## Data provided
=-=-=

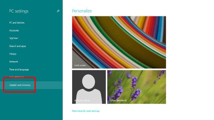 Window 8.1的:在 Windows8.1,从左侧边栏点击更新和恢复:
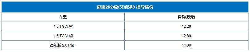 近日,奇瑞2024款艾瑞澤8上市,共推出3款車型,售價區(qū)間為12.29-14.89萬。
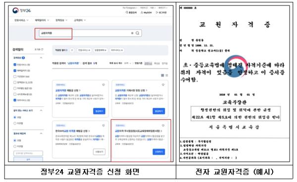 신청자는 정부24 누리집에서 직접 무시험검정 교원자격증을 신청할 수 있으며, 발급된 전자 자격증은 프린터로 출력하거나 PDF 파일로 저장할 수 있다.

=-=-=

## Task description
The entire listing is to be printed exactly, with each picture omitted.

## Result for this task
 Window 8.1的:在 Windows8.1,从左侧边栏点击更新和恢复:
 近日,奇瑞2024款艾瑞澤8上市,共推出3款車型,售價區(qū)間為12.29-14.89萬。
 신청자는 정부24 누리집에서 직접 무시험검정 교원자격증을 신청할 수 있으며, 발급된 전자 자격증은 프린터로 출력하거나 PDF 파일로 저장할 수 있다.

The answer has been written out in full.